_Exercise_:
Although the data below contains pictures, output only the lines between those holding "Big on space" and "En compañía de", inclusive, exactly and without those pictures.

_Material provided_:

-*-

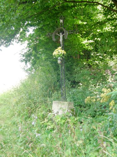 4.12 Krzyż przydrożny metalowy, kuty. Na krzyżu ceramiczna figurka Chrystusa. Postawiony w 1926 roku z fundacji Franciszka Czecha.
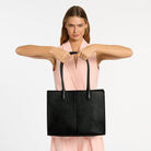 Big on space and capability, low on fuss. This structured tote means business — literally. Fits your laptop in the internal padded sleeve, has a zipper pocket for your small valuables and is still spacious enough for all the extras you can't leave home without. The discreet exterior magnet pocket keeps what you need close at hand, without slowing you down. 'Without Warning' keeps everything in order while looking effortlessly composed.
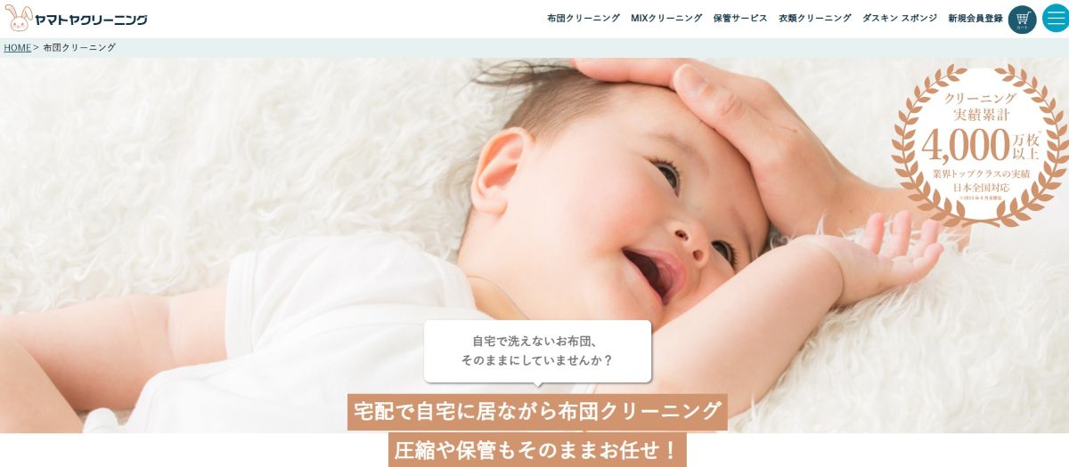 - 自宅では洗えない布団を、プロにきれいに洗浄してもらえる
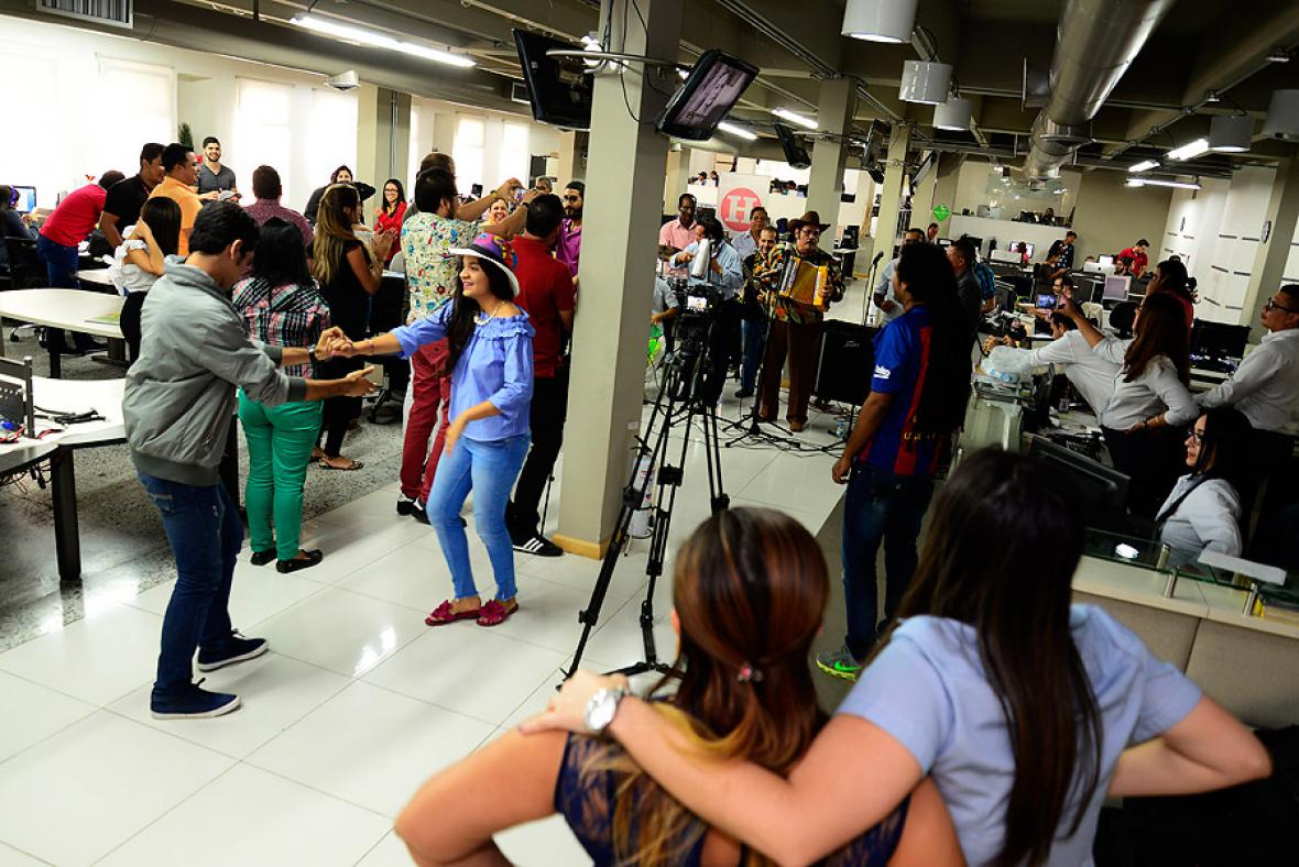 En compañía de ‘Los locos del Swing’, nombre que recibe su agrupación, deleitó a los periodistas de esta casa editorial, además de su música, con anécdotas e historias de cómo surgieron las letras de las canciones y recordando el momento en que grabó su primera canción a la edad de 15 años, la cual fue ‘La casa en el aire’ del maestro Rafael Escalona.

-*-

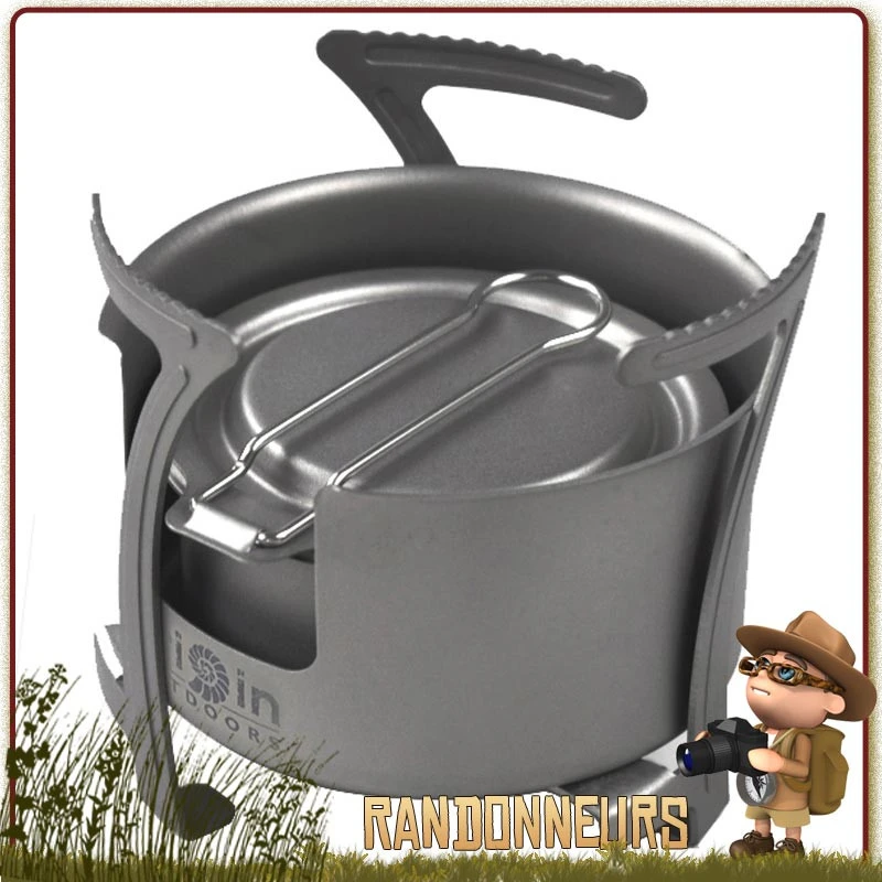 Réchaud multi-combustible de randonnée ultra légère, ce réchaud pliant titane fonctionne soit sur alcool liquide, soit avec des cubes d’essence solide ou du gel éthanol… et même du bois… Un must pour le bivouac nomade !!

-*-

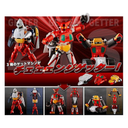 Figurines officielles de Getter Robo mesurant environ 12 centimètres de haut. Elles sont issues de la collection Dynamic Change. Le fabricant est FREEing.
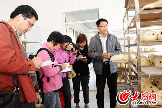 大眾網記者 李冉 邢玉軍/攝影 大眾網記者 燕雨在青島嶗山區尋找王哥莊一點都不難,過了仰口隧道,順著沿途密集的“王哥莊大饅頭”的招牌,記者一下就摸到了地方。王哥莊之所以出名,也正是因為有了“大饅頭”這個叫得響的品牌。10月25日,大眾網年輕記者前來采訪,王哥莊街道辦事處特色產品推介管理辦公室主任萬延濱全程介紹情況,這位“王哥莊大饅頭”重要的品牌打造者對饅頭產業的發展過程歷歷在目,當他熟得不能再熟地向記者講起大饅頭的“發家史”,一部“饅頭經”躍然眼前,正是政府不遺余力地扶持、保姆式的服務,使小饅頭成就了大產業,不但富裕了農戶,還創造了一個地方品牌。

-*-

_Response_:
 Big on space and capability, low on fuss. This structured tote means business — literally. Fits your laptop in the internal padded sleeve, has a zipper pocket for your small valuables and is still spacious enough for all the extras you can't leave home without. The discreet exterior magnet pocket keeps what you need close at hand, without slowing you down. 'Without Warning' keeps everything in order while looking effortlessly composed.
 - 自宅では洗えない布団を、プロにきれいに洗浄してもらえる
 En compañía de ‘Los locos del Swing’, nombre que recibe su agrupación, deleitó a los periodistas de esta casa editorial, además de su música, con anécdotas e historias de cómo surgieron las letras de las canciones y recordando el momento en que grabó su primera canción a la edad de 15 años, la cual fue ‘La casa en el aire’ del maestro Rafael Escalona.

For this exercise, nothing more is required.